[Data under study Boundary: Start]

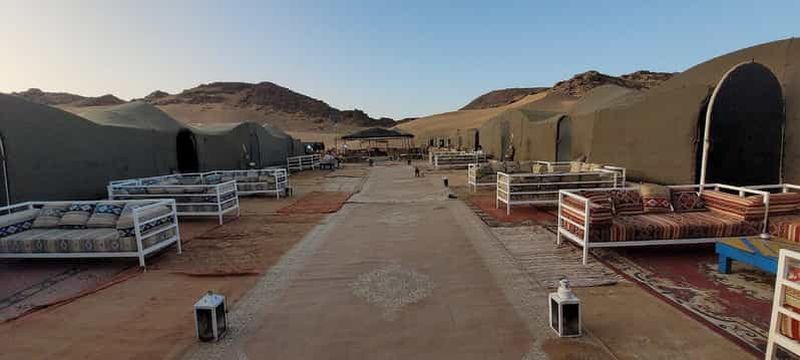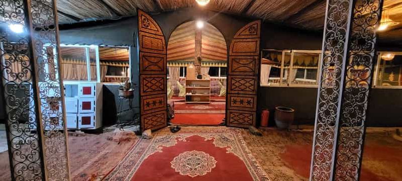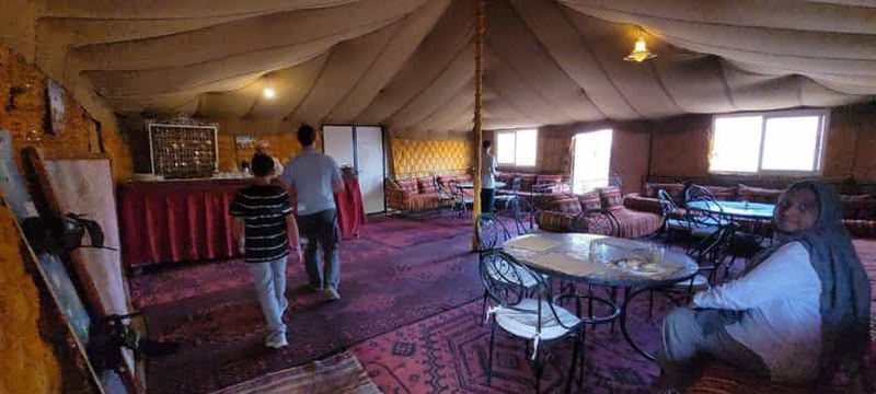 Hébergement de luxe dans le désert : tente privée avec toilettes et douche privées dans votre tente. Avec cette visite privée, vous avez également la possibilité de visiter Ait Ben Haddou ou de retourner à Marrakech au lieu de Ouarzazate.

[Data under study Boundary: End]
[Data under study Boundary: Start]

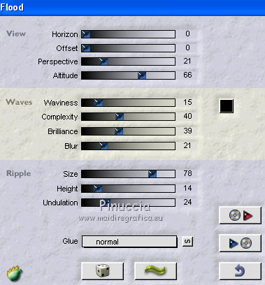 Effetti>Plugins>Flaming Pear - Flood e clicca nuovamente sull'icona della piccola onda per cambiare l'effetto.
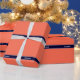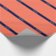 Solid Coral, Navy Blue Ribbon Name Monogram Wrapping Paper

[Data under study Boundary: End]
[Data under study Boundary: Start]

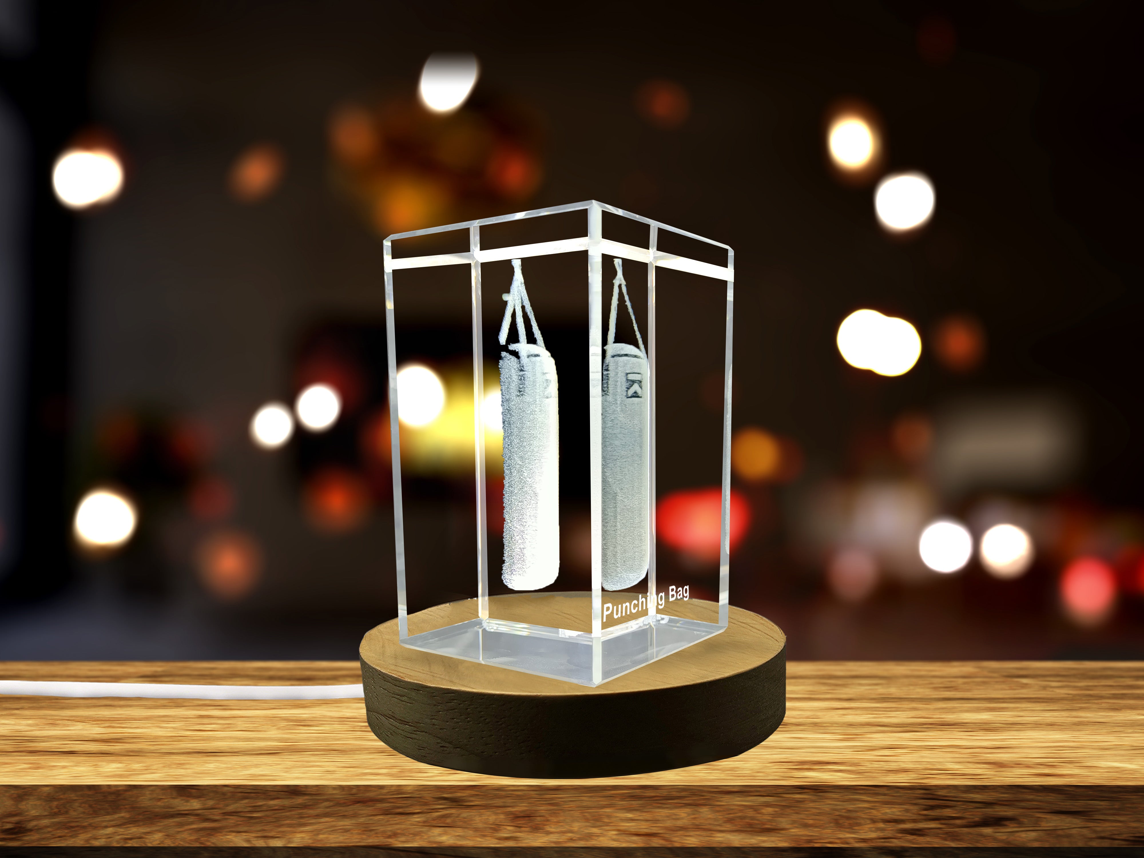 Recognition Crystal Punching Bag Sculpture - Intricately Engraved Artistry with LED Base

[Data under study Boundary: End]

● What the task requires
For this exercise, set down the lines in the entries above from the one with "Effetti>Plugins>Flaming Pear - Flood" through the one with "Solid Coral, Navy" exactly as written, without any pictures.

● Your solution
 Effetti>Plugins>Flaming Pear - Flood e clicca nuovamente sull'icona della piccola onda per cambiare l'effetto.
 Solid Coral, Navy Blue Ribbon Name Monogram Wrapping Paper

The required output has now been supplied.